▸ **What you should do**: Nothing but the records, transcribed verbatim and stripped of images, should appear in the answer.

::::::::

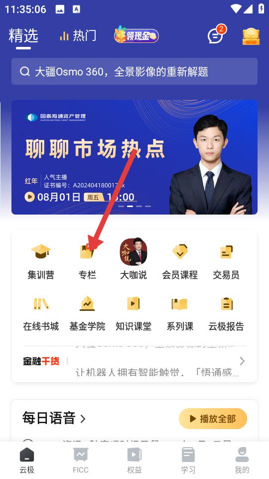 1、頂部展示直播等內(nèi)容中間功能區(qū)里專欄入口醒目,與集訓(xùn)營、大咖說等并列,匯聚各類金融專業(yè)課程,為從業(yè)者提供系統(tǒng)學(xué)習(xí)資源。
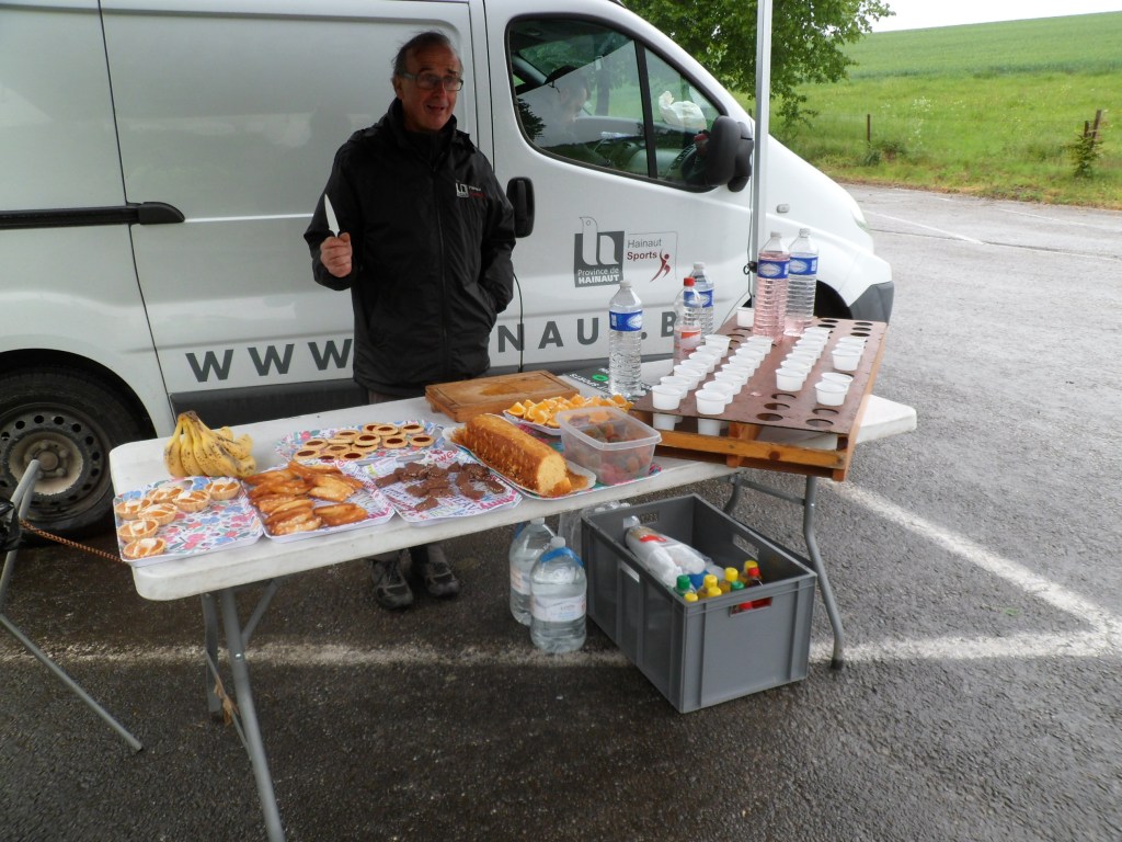 Samedi lorsque je me suis levé à 6h, il tombait des cordes. Je me suis tâté avant de décider de partir quand même avec l’espoir que cela cesserait rapidement. alors je me rends à Marcinelle où le Cycling Team Province de Hainaut participe et organise sa rando. Il y a beaucoup de tentes d’installées, je trouve celle pour mon inscription rapide, je prépare mon vélo et démarre à 7h23. Le fléchage me dirige rapidement à un kilomètre pour avoir déjà une belle côte de 7% sur la rue Lagrange qui me mène au Tienne Bricout. Ensuite j’arrive à Nalinnes Haies, Thy le Château, Gourdinne à la rue de la Brasserie puis je prends à droite et traverse la rue de Bonnière et une grimpette m’attend pour arriver à Chastre. Je continue vers Pry les Walcourt, Fontenelle, Silenrieux grand route mais avant la grande côte je vire légèrement vers la droite, longe le barrage de l’eau d’heure et arrive au pied du petit Poggio que je vais grimper pour la deuxième fois cette année. Au sommet le premier ravito bien garni et sympa. Après un bref repos je reprends la route vers Feronval, Boussu lez Walcourt, Erpion, Fourbechies,Bois de Rance, Sautin et sivry Rance au km 70 lieu du deuxième ravito, toujours aussi bien garni et sympa, je rencontre mon ami Eugène et un cyclo de Bouffioulx. Ensuite je continue vers Renlies,Solre Saint Gery, Brabançon en longeant son château, Clermont, Mertenne,Rognée lieu du troisième ravito près de la grande ferme blanche au km 98. Bien sustenté je reprends la route vers Cour sur Heure, une côte terrible et longue m’attend à la rue des Carrières, j’arrive à Marbais la Tour,Beignée, je descends la route des sept petites jusqu’au rond point des Bruyères, je rencontre de grosses difficultés pour rentrer sur la parking tellement il y a du monde venu pour passer la journée avec les personnes Extraordinaires. A 15h15 je suis quand même arrivé à ma voiture , il me reste à retrouver le lieu d’inscription pour valider ma rando, pas facile avec tout ce monde.
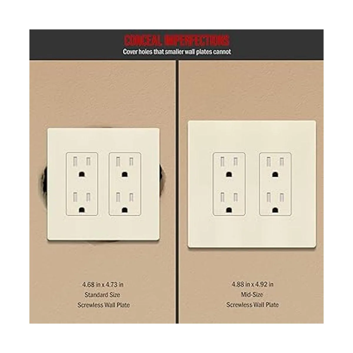ENERLITES SI8832MLA10 unidades de placas de pared decorativas sin tornillos, acabado brillante, tamaño mediano de 2 bandas, policarbonato termoplástico irrompible, color almendra clara
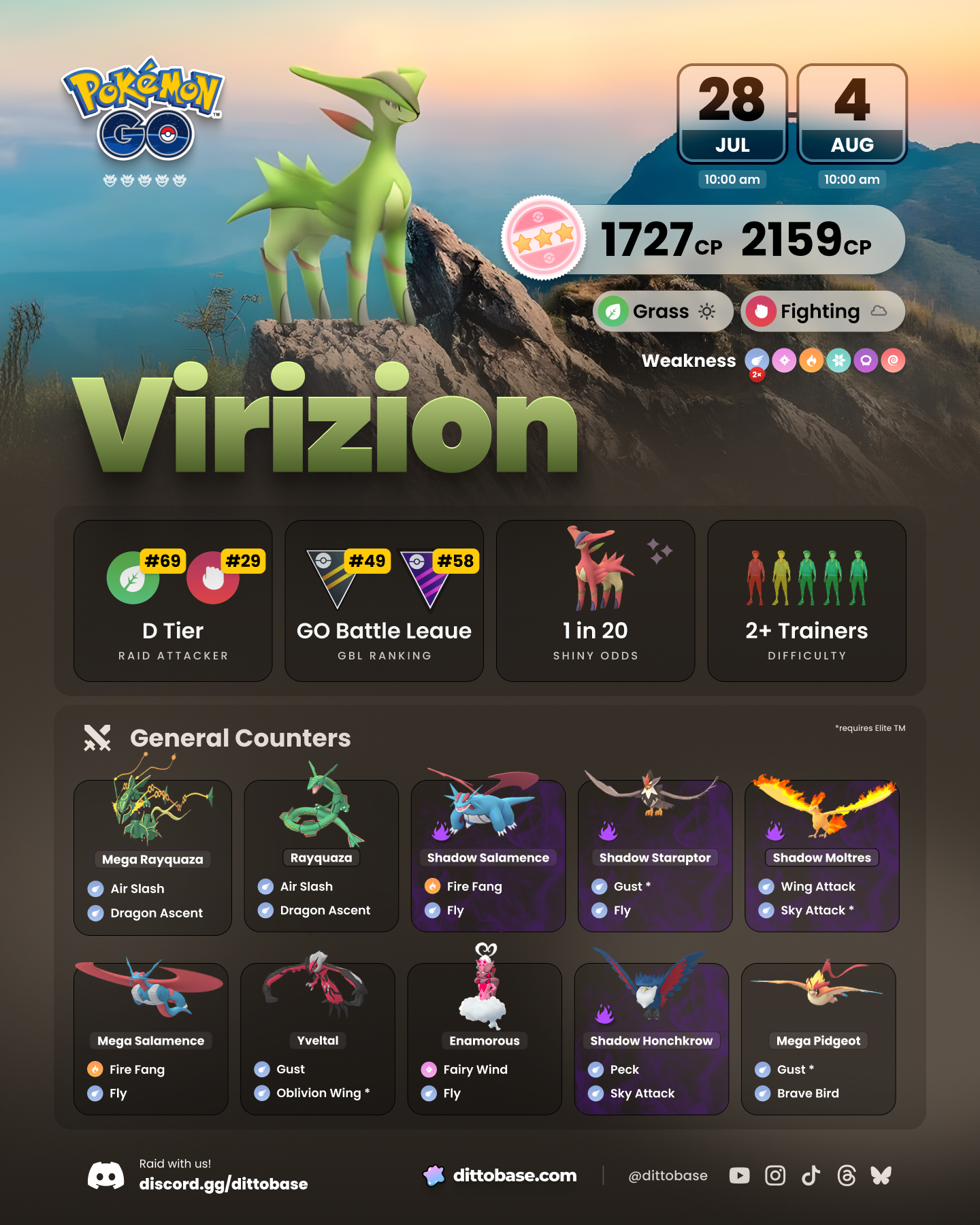 Virizion✨ will be appearing in 5-Star Raids from July 28th at 10:00 a.m. local time to August 4th at 10:00 a.m. local time.
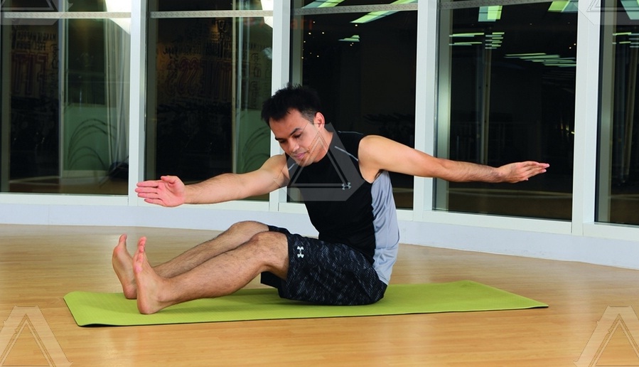 -นั่งหลังตรง ยืดขาไปด้านหน้า งอเข่าเล็กน้อยพอให้รู้สึกสบาย กดสะโพกสองข้างให้ติดพื้น กางแขนออกให้สุด ผ่อนคลายหัวไหล่ ดึงศอกออกด้านข้าง ขนานกับพื้น

::::::::

▸ **Response below**:
 1、頂部展示直播等內(nèi)容中間功能區(qū)里專欄入口醒目,與集訓(xùn)營、大咖說等并列,匯聚各類金融專業(yè)課程,為從業(yè)者提供系統(tǒng)學(xué)習(xí)資源。
 Samedi lorsque je me suis levé à 6h, il tombait des cordes. Je me suis tâté avant de décider de partir quand même avec l’espoir que cela cesserait rapidement. alors je me rends à Marcinelle où le Cycling Team Province de Hainaut participe et organise sa rando. Il y a beaucoup de tentes d’installées, je trouve celle pour mon inscription rapide, je prépare mon vélo et démarre à 7h23. Le fléchage me dirige rapidement à un kilomètre pour avoir déjà une belle côte de 7% sur la rue Lagrange qui me mène au Tienne Bricout. Ensuite j’arrive à Nalinnes Haies, Thy le Château, Gourdinne à la rue de la Brasserie puis je prends à droite et traverse la rue de Bonnière et une grimpette m’attend pour arriver à Chastre. Je continue vers Pry les Walcourt, Fontenelle, Silenrieux grand route mais avant la grande côte je vire légèrement vers la droite, longe le barrage de l’eau d’heure et arrive au pied du petit Poggio que je vais grimper pour la deuxième fois cette année. Au sommet le premier ravito bien garni et sympa. Après un bref repos je reprends la route vers Feronval, Boussu lez Walcourt, Erpion, Fourbechies,Bois de Rance, Sautin et sivry Rance au km 70 lieu du deuxième ravito, toujours aussi bien garni et sympa, je rencontre mon ami Eugène et un cyclo de Bouffioulx. Ensuite je continue vers Renlies,Solre Saint Gery, Brabançon en longeant son château, Clermont, Mertenne,Rognée lieu du troisième ravito près de la grande ferme blanche au km 98. Bien sustenté je reprends la route vers Cour sur Heure, une côte terrible et longue m’attend à la rue des Carrières, j’arrive à Marbais la Tour,Beignée, je descends la route des sept petites jusqu’au rond point des Bruyères, je rencontre de grosses difficultés pour rentrer sur la parking tellement il y a du monde venu pour passer la journée avec les personnes Extraordinaires. A 15h15 je suis quand même arrivé à ma voiture , il me reste à retrouver le lieu d’inscription pour valider ma rando, pas facile avec tout ce monde.
ENERLITES SI8832MLA10 unidades de placas de pared decorativas sin tornillos, acabado brillante, tamaño mediano de 2 bandas, policarbonato termoplástico irrompible, color almendra clara
 Virizion✨ will be appearing in 5-Star Raids from July 28th at 10:00 a.m. local time to August 4th at 10:00 a.m. local time.
 -นั่งหลังตรง ยืดขาไปด้านหน้า งอเข่าเล็กน้อยพอให้รู้สึกสบาย กดสะโพกสองข้างให้ติดพื้น กางแขนออกให้สุด ผ่อนคลายหัวไหล่ ดึงศอกออกด้านข้าง ขนานกับพื้น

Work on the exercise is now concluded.